(Collection entries)
--------
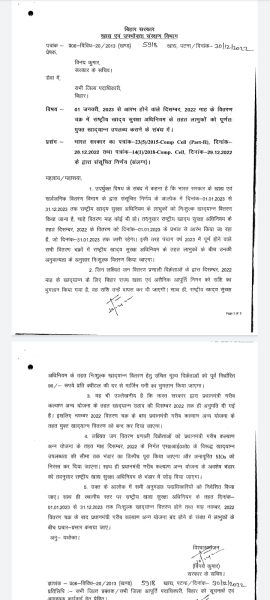 राष्ट्रीय खाद्य सुरक्षा अधिनियम के नए आदेश के तहत लाभार्थियों को मुफ्त में ही अनाज मिलना है चाहे वितरण चक्र कोई भी हो. सचिव ने अपने पत्र में स्पष्ट किया है कि जिन डीलरों ने दिसंबर के अनाज उठाव के एवज में बिहार राज्य खाद्य एवं असैनिक आपूर्ति निगम को राशि का भुगतान कर दिया है वो राशि उन्हें वापिस कर दी जाएगी. डीलरों को आशंका है कि उनकी राशि न जाने कब लौटाई जाए.
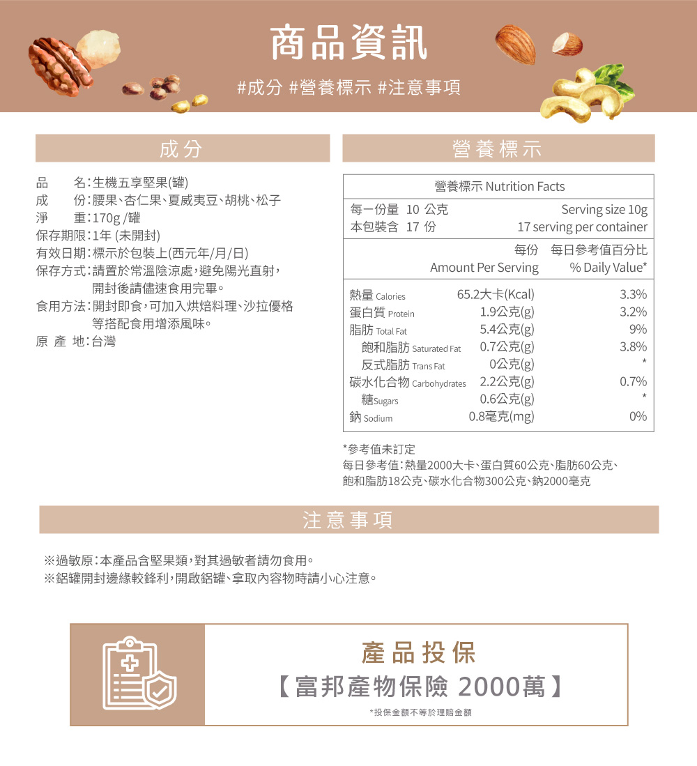※過敏原:本產品含堅果類,對其過敏者請勿食用。
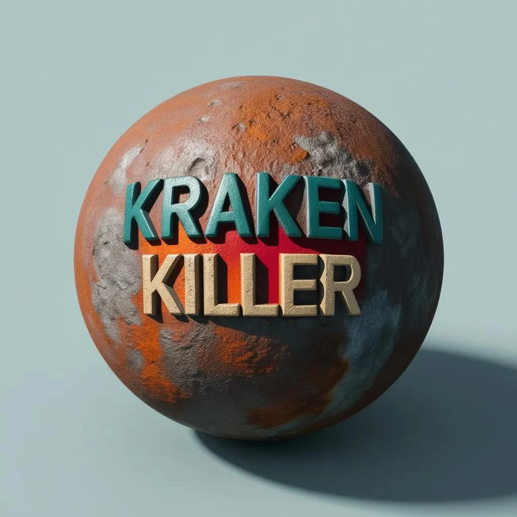 Create a hyper-realistic AI-generated image of a "Kraken Killer" rusty cannon ball isolated on a solid light background. Features Deep Sea Teal, Stormy Gray, Beige, red-orange, and Ink Black details. Ideal for branding, gaming, or nautical themes. Leverage Vivago.ai's AI tools for professional-grade visual effects, text-to-image precision, and high-quality editing.
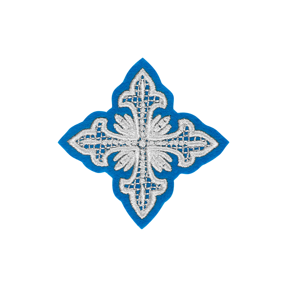 Крест на облачение вышитый пришивной голубой, серебряная нить
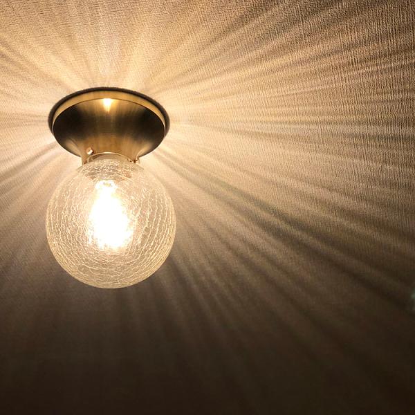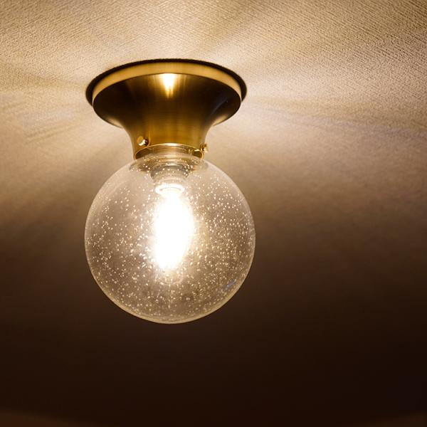 シーリングライト ガラス 1灯 真鍮 E17 LED 照明器具 アンティーク レトロ ノスタルジック 玄関 トイレ 廊下 間接照明 天井照明 北欧 ホテル風 おしゃれ 丸
--------
Work instructions >>
Apart from the pictures, return every entry above exactly as given.

Solution to the exercise >>
 राष्ट्रीय खाद्य सुरक्षा अधिनियम के नए आदेश के तहत लाभार्थियों को मुफ्त में ही अनाज मिलना है चाहे वितरण चक्र कोई भी हो. सचिव ने अपने पत्र में स्पष्ट किया है कि जिन डीलरों ने दिसंबर के अनाज उठाव के एवज में बिहार राज्य खाद्य एवं असैनिक आपूर्ति निगम को राशि का भुगतान कर दिया है वो राशि उन्हें वापिस कर दी जाएगी. डीलरों को आशंका है कि उनकी राशि न जाने कब लौटाई जाए.
※過敏原:本產品含堅果類,對其過敏者請勿食用。
 Create a hyper-realistic AI-generated image of a "Kraken Killer" rusty cannon ball isolated on a solid light background. Features Deep Sea Teal, Stormy Gray, Beige, red-orange, and Ink Black details. Ideal for branding, gaming, or nautical themes. Leverage Vivago.ai's AI tools for professional-grade visual effects, text-to-image precision, and high-quality editing.
 Крест на облачение вышитый пришивной голубой, серебряная нить
 シーリングライト ガラス 1灯 真鍮 E17 LED 照明器具 アンティーク レトロ ノスタルジック 玄関 トイレ 廊下 間接照明 天井照明 北欧 ホテル風 おしゃれ 丸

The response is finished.